People hit because they want to control someone else and demonstrate their power. Other times, they hit out of uncontrolled anger.
Regardless of the reason, the behavior is not okay.
Should you stay with a girlfriend who hits you?
No, you shouldn’t. If a girlfriend hits you, leave the relationship. Even if it’s the first time and she seems remorseful, this is not a good situation for you.
She needs help with her anger, and you are not obligated to be there for that process.
If you insist on giving her a second chance, make sure there are clear boundaries and expectations for your continuing relationship.
Here are a few non-negotiables I recommend. To stay, she needs to:
- Stop hitting you immediately.
- Agree to get counseling for her anger and/or couples counseling.
Whatever you decide, your emotional and physical safety should be the top priority. There’s nothing wrong with a man establishing boundaries like this; you should stand confidently in yours.
How do you know if your girlfriend is toxic?
Beyond hitting, there are some telltale signs that your girlfriend is abusive. HelpGuide has a great list. Do any of these sound familiar to you? An abusive partner might:
- Verbally abuse, belittle, or humiliate you in front of friends, colleagues, family, or social media.
- Be possessive, act jealous, or harass you with accusations of being unfaithful.
- Take away your car keys or medications.
- Try to control where you go and who you see.
- Try to control how you spend money or deliberately default on joint financial obligations.
- Make false allegations about you to your friends, employer, or the police, or find other ways to manipulate and isolate you.
- Threaten to leave you and prevent you from seeing your kids if you report the abuse.

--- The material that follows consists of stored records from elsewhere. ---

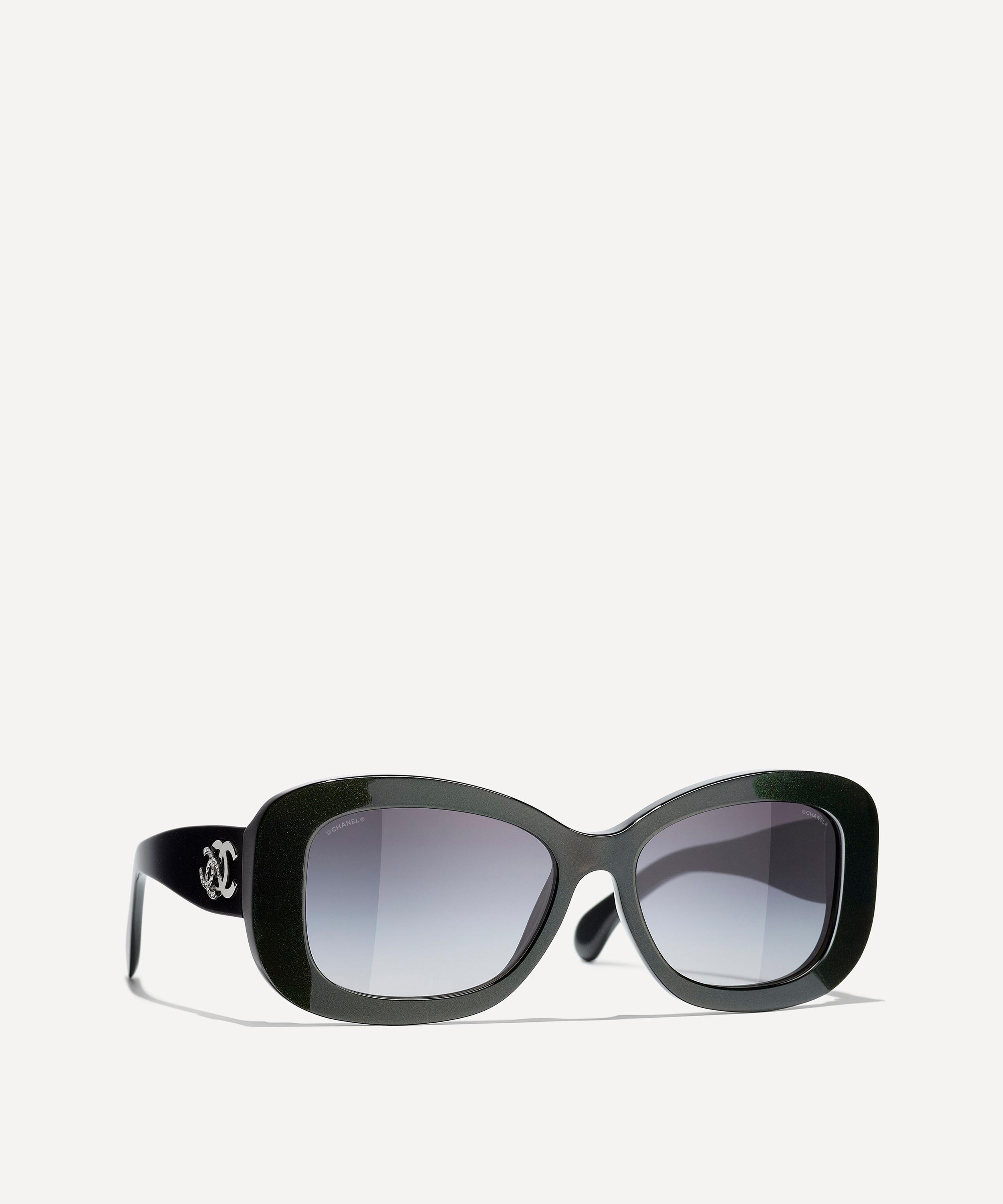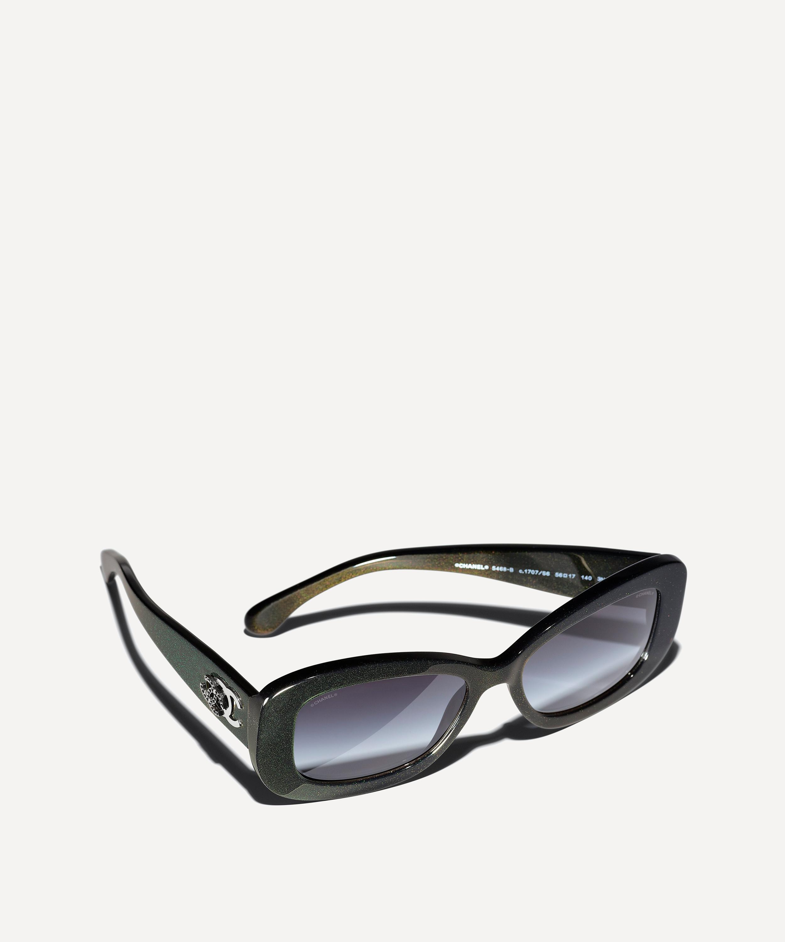 Show your affiliation for the one of the world’s most iconic fashion houses in these rectangle sunglasses from CHANEL. Crafted from durable acetate, this pair feature glossy, full rim frames in a vivid green colourway. Designed to effortlessly exude the label's renowned timeless glamour, the oversized frames are finished with the world-recognisable double c logo at the temples - style them with pulled-back hair to show off the details.
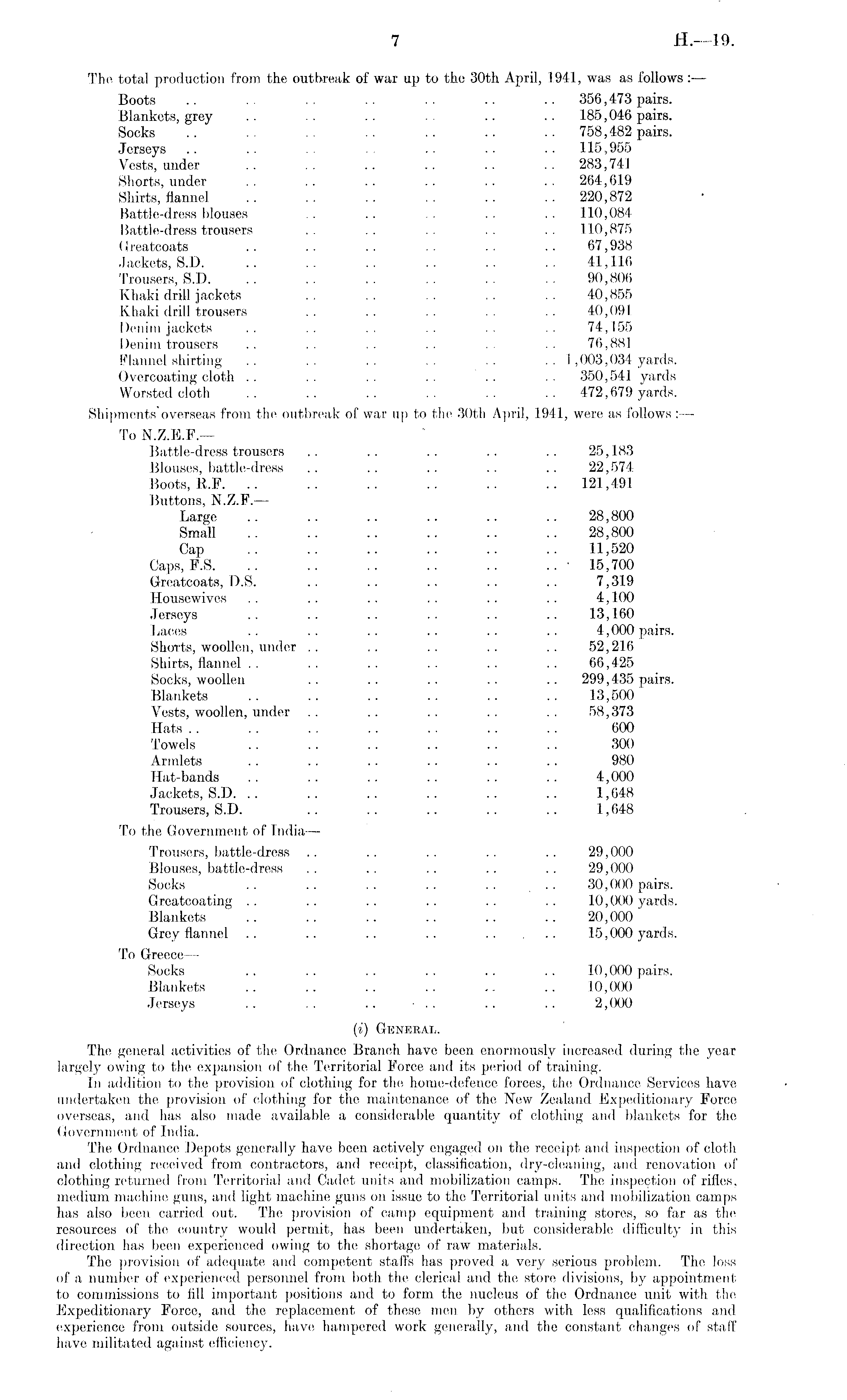 The total production from the outbreak of war up to the 30th April, 1941, was as follows : — Boots .. ..\ .. .. .. .. .. 356,473 pairs. Blankets, grey .. .. .. .. .. .. 185,046 pairs. Socks .. .. ... .. .. .. .. 758,482 pairs. Jerseys .. .. .. .. .. .. .. 115,955 Vests, under .. .. .. .. .. .. 283,741 Shorts, under .. .. .. .. .. .. 264,619 Shirts, flannel ... .. .. .. .. .. 220,872 Battle-dress blouses .. .. .. .. .. 110,084 Battle-dress trousers . . . . . . . . .. 110,875 Greatcoats .. .. .. .. .. .. 67,938 Jackets, S.D. .. .. '.. .. .. .. 41,116 Trousers, B.D. .. .. .. .. .. .. 90,806 Khaki drill jackets .. .. .. .. .. 40,855 Khaki drill trousers .. .. .. .. .. 40,091 Denim jackets .. .. .. ..-. .. .. 74,155 Denim trousers . . .. . . . . . . . . 76,881 Flannel shirting .. .. .. -.. .. .. 1,003,034 yards. Overcoating cloth .. .. .. .. .. .. 350,541 yards Worsted cloth .. .. .. .. .. .. 472,679 yards. Shipments'overseas from the outbreak of war up to the 30th April, 1941, were as follows :— To N.Z.E.F.— Battle-dress trousers .. .. .. .. .. 25,183 Blouses, battle-dress .. .. .. .. .. 22,574 Boots, R.F 121,491 Buttons, N.Z.F.— Large ■ .. 28,800 Small .. .. .. .. .. .. 28,800 Cap 11,520 Caps, F.S • 15,700 Greatcoats, D.S. .. .. .. .. .. 7,319 Housewives .. .. .. .. .. .. 4,100 Jerseys .. .. .. .. .. .. 13,160 Laces .. .. .. .. .. .. 4,000 pairs. Shotts, woollen, under .. .. .. .. .. 52,216 Shirts, flannel .. .. .. .. .. ..' 66,425 Socks, woollen .. .. .. .. .. 299,435 pairs. Blankets .. .. .. .. .. .. 13,500 Vests, woollen, under .. .. .. .. .. 58,373 Hats .. .. .. .. .. .. .. 600 Towels .. .. .. .. .. .. 300 Armlets .. .. .. .. .. .. 980 Hat-bands .. .. .. .. .. .. 4,000 Jackets, S.D. .. .. .. .. .. .. 1,648 Trousers, S.D. .. .. .. .. .. 1,648 To the Government of India— Trousers, battle-dress .... .. .. .. .. 29,000 Blouses, battle-dress .. .. .. .. .. 29,000 Socks .. .. .. .. .. ... 30,000 pairs. Greatcoating .. .. .. . . .. .. 10,000 yards. Blankets .. ' .. .. .. .. .. 20,000 Grey flannel .. .. .. .. .. ... 15,000 yards. To Greece — Socks .. .. .. .. .. .. 10,000 pairs. Blankets .. .. .. .. .. .. 10,000 Jerseys .. .. .. • .. .. .. 2,000 (i) General. The general activities of the Ordnance Branch have been enormously increased during the year largely owing to the expansion of the Territorial Force and its period of training. In addition to the provision of clothing for the home-defence forces, the Ordnance Services have undertaken the provision of clothing for the maintenance of the New Zealand Expeditionary Force overseas, and has also made available a considerable quantity of clothing and blankets for the Government of India. The Ordnance Depots generally have been actively engaged on the receipt and inspection of cloth and clothing received from contractors, and receipt, classification, dry-cleaning, and renovation of clothing returned from Territorial and Cadet units and mobilization camps. The inspection of rifles, medium machine guns, and light machine guns on issue to the Territorial units and mobilization camps has also been carried out. The provision of camp equipment and training stores, so far as the resources of the country would permit, has been undertaken, but considerable difficulty in this direction has been experienced owing to the shortage of raw materials. The provision of adequate and competent staffs has proved a very serious problem. The loss of a number of experienced personnel from both the clerical and the store divisions, by appointment to commissions to fill important positions and to form the nucleus of the Ordnance unit with the Expeditionary Force, and the replacement of these men by others with less qualifications and experience from outside sources, have hampered work generally, and the constant changes of staff have militated against efficiency.
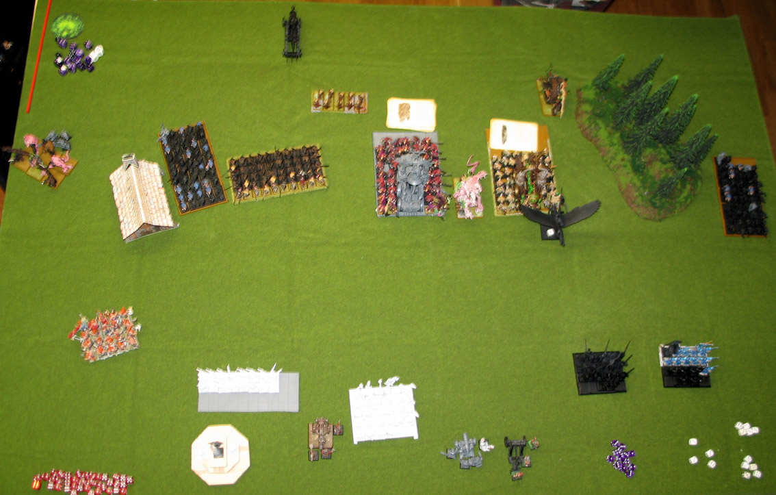 Check Mika's blog for the Skaven version of the battle: http://stormingrats.blogspot.com/2012/05/might-of-skavenblight-forces-high-elves.html
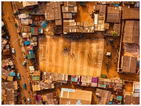 Aerial shot of an urban football field surrounded by dense housing in Accra, Ghana.

All these are signs you need to leave your relationship and seek help for abuse.
Being the victim of this type of relationship takes its toll on you. This is true for men and women alike. There’s no shame in reaching out for help to get out of the situation and heal from it.
Bottom Line On A Girlfriend Who Hits You
Physical abuse is not somehow acceptable if the victim is physically stronger than the abuser. Intimate partner violence is wrong no matter who does it. Hitting, slapping, pushing, and shoving are wrong, even if you are not physically injured by it.
Whatever reason you’ve given yourself for thinking a girlfriend who hits you is normal or no big deal – let that go.
You don’t deserve to be abused by anyone. If you’re struggling to leave your relationship or have difficulty processing what’s happened, don’t be afraid to reach out.
You’re not alone, and there are people who can help you get past this.